Long-term evolution of corrected NOAA/MEPED energetic proton fluxes and their relation to geomagnetic indices

•Corrected proton fluxes reveal a systematic solar cycle variation.•High-speed streams are the most significant driver of energetic proton fluxes.•Correction significantly improves correlation between proton fluxes and indices.

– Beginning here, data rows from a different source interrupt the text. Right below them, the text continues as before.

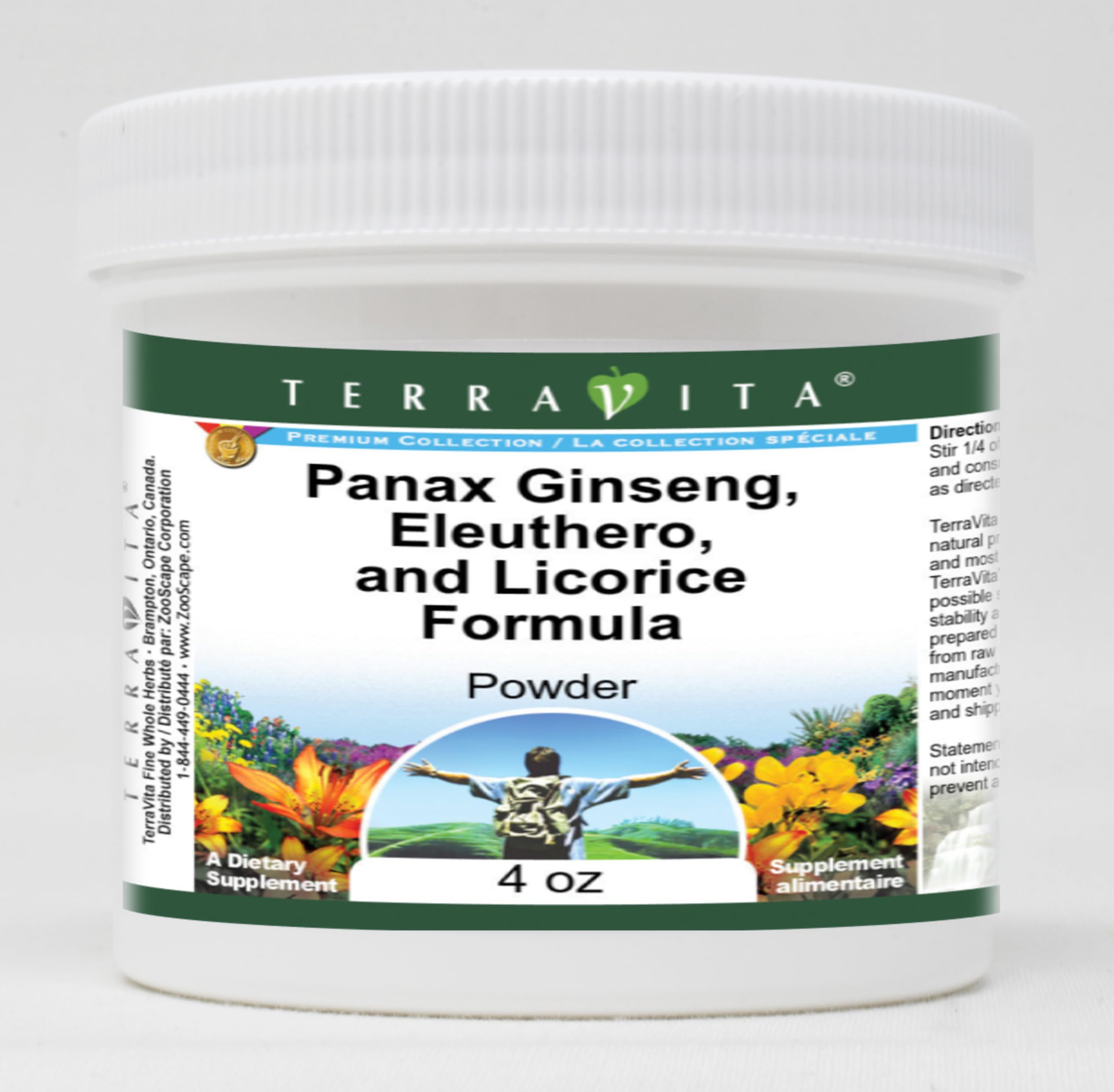 Convenient Powder format. Size: 4 oz. Manufacturer: TerraVita. No fillers. Panax Ginseng, Eleuthero, and Licorice Formula Powder (4 oz, ZIN: 517247).
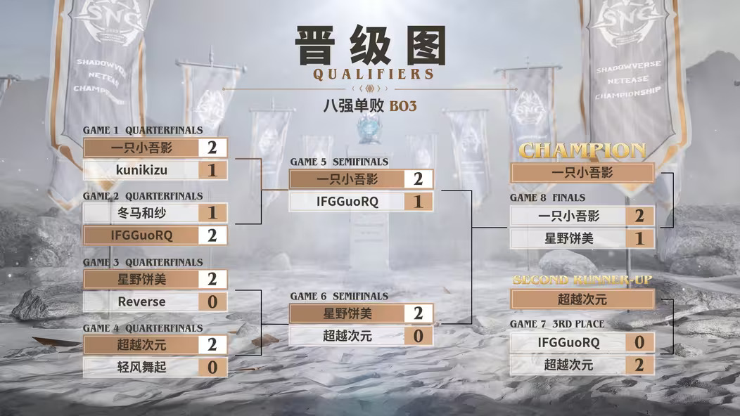 恭喜一只小吾影以2:1的比分战胜星野饼美选手,成为SNC2025年度总决赛的冠军!
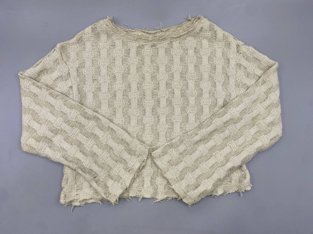 • A sheer beige knitted sweater with distressed details, similar to designs from Zara or Comme des Garçons Homme Plus.

We study the relationship between energetic 120–250 keV proton fluxes and geomagnetic Ap, AE, Dxt indices using the recently corrected measurements of the MEPED instrument onboard the low-altitude NOAA/POES satellites. Corrected database spans from 1979 to present, and allows us to reliably study the long-term variation of energetic proton fluxes over several solar cycles. Contrary to uncorrected fluxes, which can be more than an order of magnitude too low, the corrected fluxes display a systematic solar cycle variation closely resembling the variation of Ap and AE indices with a maximum in the declining solar cycle phase and a minimum in solar minimum. We also find that trapped fluxes are enhanced relative to precipitating fluxes in the declining phases and solar minima. This supports the fact that high-speed solar wind streams are the most significant driver of energetic proton fluxes. We compute the correlations between fluxes and indices in a range of time scales, and show that they are significantly improved by the flux correction. We find that precipitating fluxes correlate better than trapped fluxes with Ap/AE indices at all time scales, and the highest correlation is found with Ap. For precipitating fluxes these correlations depend weakly on time scale, but for trapped fluxes the correlation significantly increases from daily scale to solar rotation and longer time scales. Comparing the fluxes to Dxt index shows a complex relationship, where the fluxes depend not only on Dxt value but also on its time derivative.